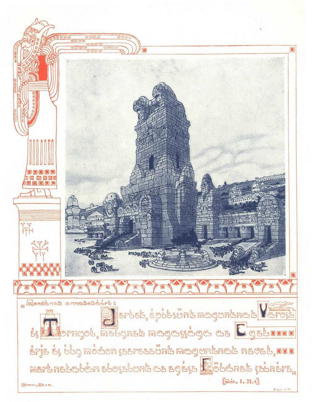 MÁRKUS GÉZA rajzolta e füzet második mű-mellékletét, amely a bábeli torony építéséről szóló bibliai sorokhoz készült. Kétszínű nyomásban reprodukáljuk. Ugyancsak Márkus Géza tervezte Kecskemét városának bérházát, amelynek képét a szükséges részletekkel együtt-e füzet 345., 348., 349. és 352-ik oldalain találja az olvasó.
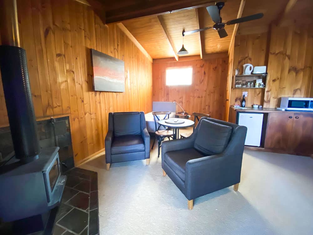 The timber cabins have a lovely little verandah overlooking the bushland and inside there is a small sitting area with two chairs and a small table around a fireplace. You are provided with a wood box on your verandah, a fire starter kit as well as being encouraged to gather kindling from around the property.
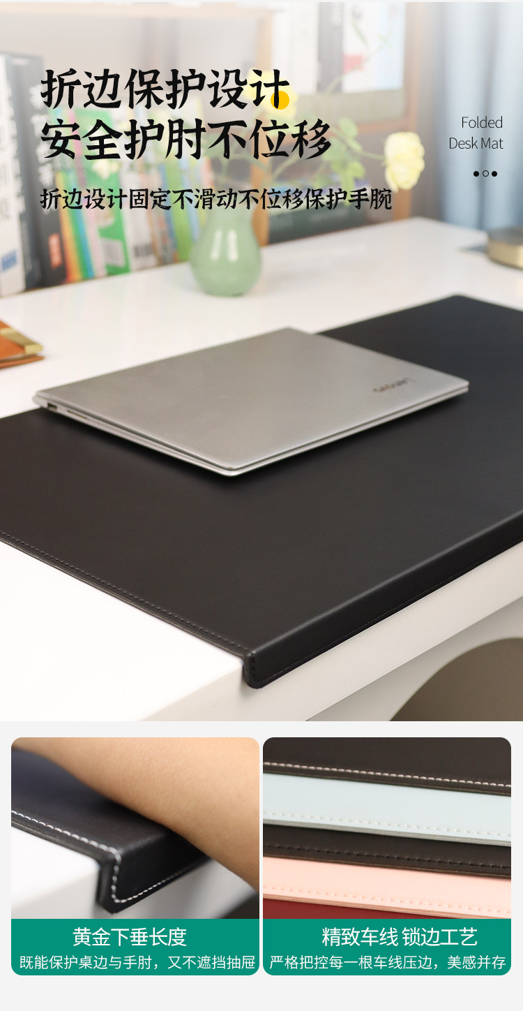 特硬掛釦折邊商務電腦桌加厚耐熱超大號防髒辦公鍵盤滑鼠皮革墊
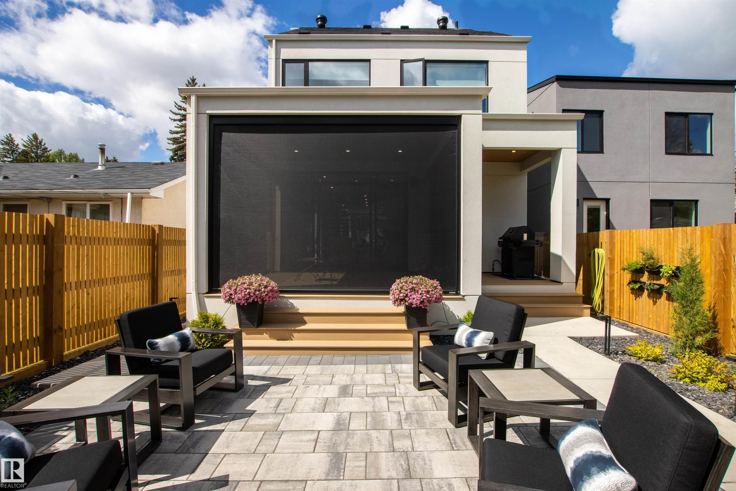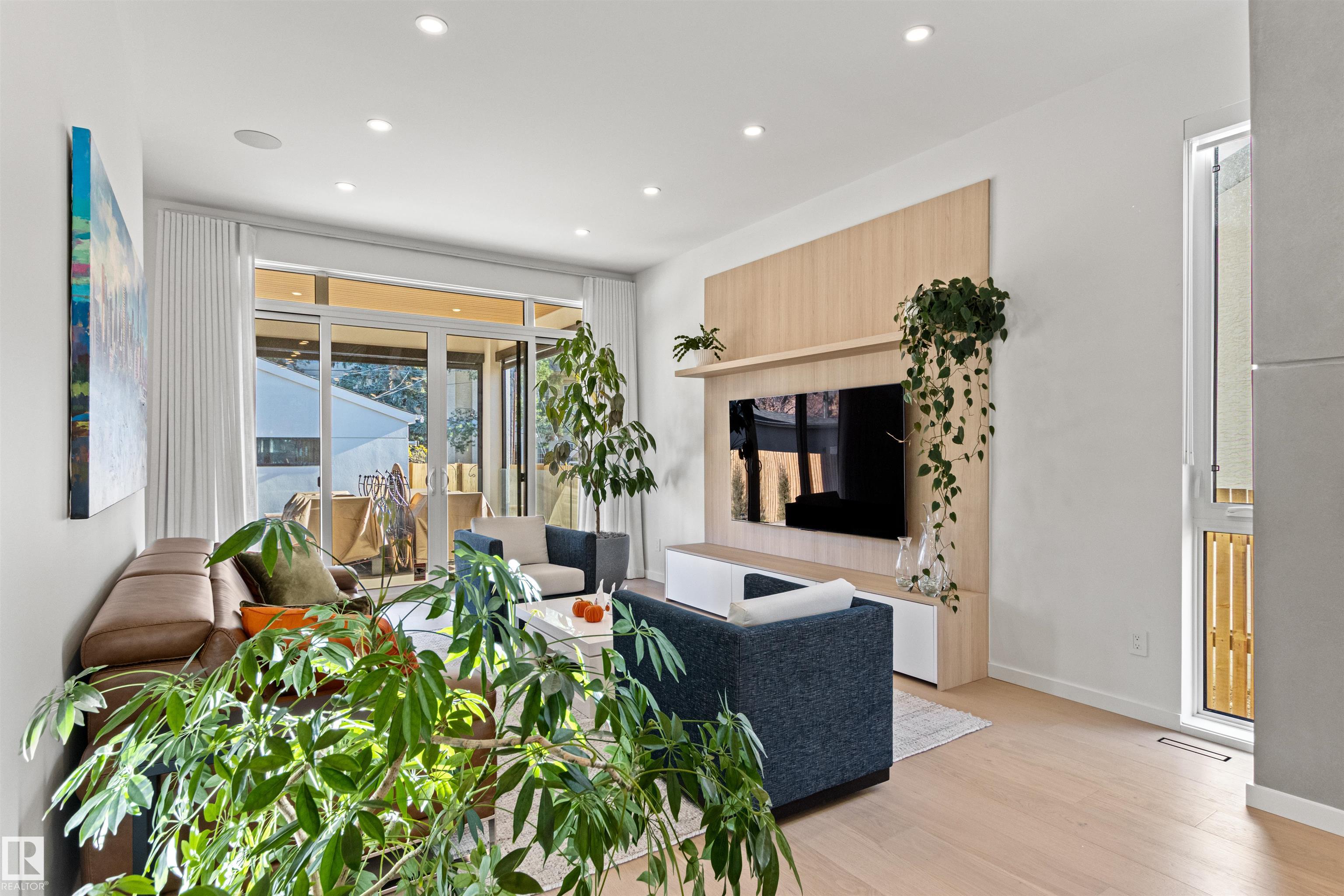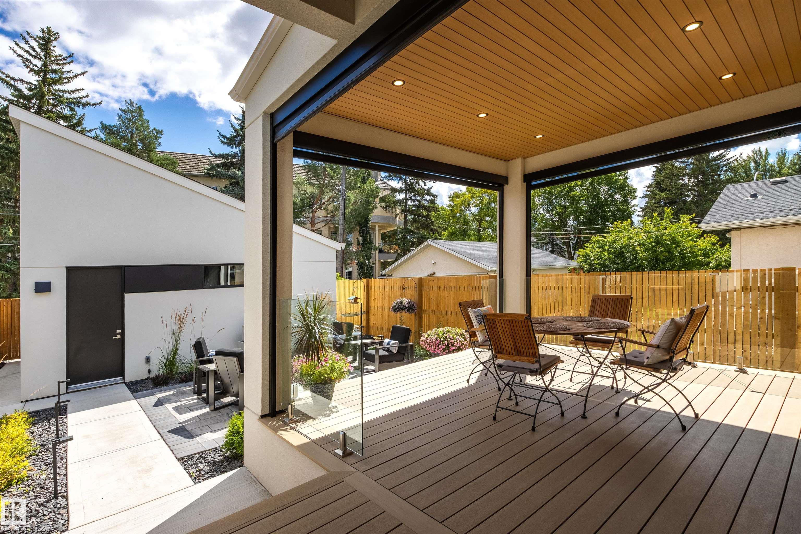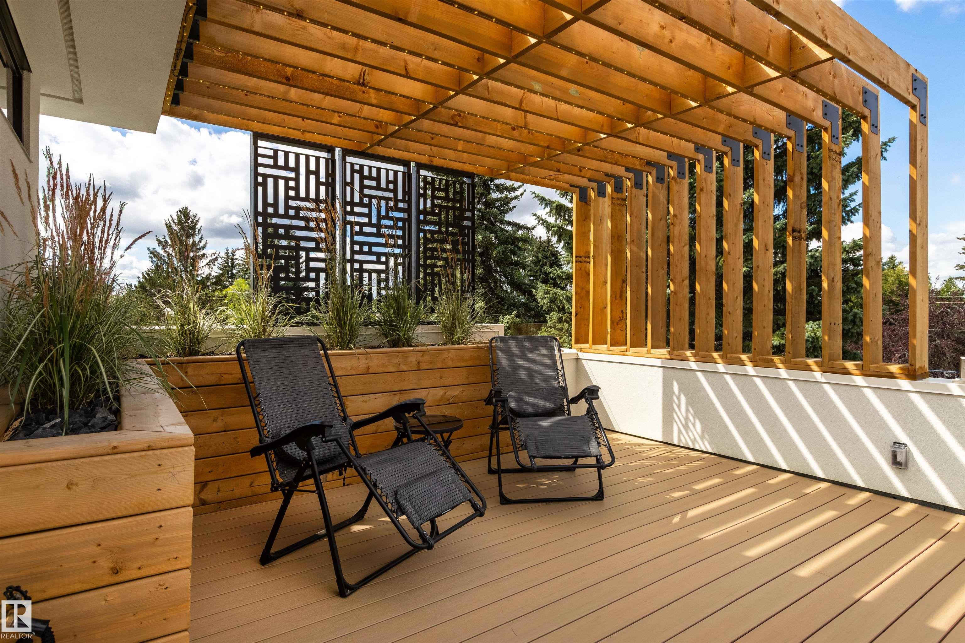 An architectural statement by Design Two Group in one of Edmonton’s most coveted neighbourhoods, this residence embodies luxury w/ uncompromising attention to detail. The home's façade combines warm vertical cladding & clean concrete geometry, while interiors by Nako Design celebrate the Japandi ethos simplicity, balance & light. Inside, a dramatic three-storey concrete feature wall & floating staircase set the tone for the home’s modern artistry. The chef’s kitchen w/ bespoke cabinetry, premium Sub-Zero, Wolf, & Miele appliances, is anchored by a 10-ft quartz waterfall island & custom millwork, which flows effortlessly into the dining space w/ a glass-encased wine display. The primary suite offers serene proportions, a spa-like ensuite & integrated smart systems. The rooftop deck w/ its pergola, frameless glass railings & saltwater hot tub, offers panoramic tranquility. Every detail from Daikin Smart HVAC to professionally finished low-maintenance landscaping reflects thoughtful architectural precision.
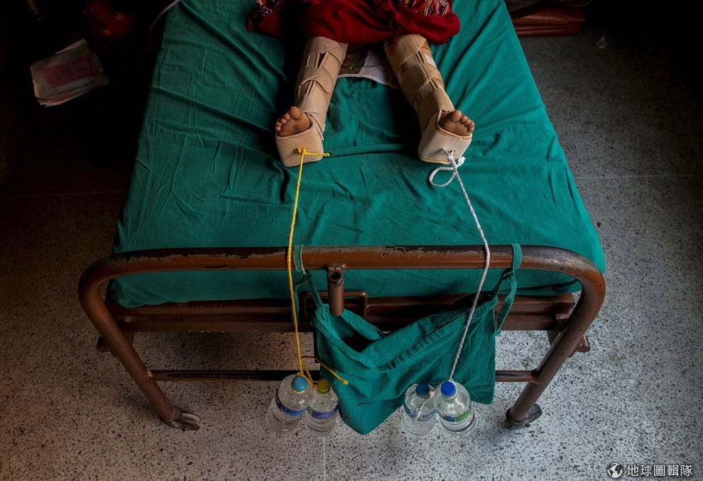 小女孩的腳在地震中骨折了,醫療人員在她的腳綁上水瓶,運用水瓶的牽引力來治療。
════════════════════
■ Try it
What is needed here is each line above set down word for word, minus the images.

■ Answer to this task
 MÁRKUS GÉZA rajzolta e füzet második mű-mellékletét, amely a bábeli torony építéséről szóló bibliai sorokhoz készült. Kétszínű nyomásban reprodukáljuk. Ugyancsak Márkus Géza tervezte Kecskemét városának bérházát, amelynek képét a szükséges részletekkel együtt-e füzet 345., 348., 349. és 352-ik oldalain találja az olvasó.
 The timber cabins have a lovely little verandah overlooking the bushland and inside there is a small sitting area with two chairs and a small table around a fireplace. You are provided with a wood box on your verandah, a fire starter kit as well as being encouraged to gather kindling from around the property.
 特硬掛釦折邊商務電腦桌加厚耐熱超大號防髒辦公鍵盤滑鼠皮革墊
 An architectural statement by Design Two Group in one of Edmonton’s most coveted neighbourhoods, this residence embodies luxury w/ uncompromising attention to detail. The home's façade combines warm vertical cladding & clean concrete geometry, while interiors by Nako Design celebrate the Japandi ethos simplicity, balance & light. Inside, a dramatic three-storey concrete feature wall & floating staircase set the tone for the home’s modern artistry. The chef’s kitchen w/ bespoke cabinetry, premium Sub-Zero, Wolf, & Miele appliances, is anchored by a 10-ft quartz waterfall island & custom millwork, which flows effortlessly into the dining space w/ a glass-encased wine display. The primary suite offers serene proportions, a spa-like ensuite & integrated smart systems. The rooftop deck w/ its pergola, frameless glass railings & saltwater hot tub, offers panoramic tranquility. Every detail from Daikin Smart HVAC to professionally finished low-maintenance landscaping reflects thoughtful architectural precision.
 小女孩的腳在地震中骨折了,醫療人員在她的腳綁上水瓶,運用水瓶的牽引力來治療。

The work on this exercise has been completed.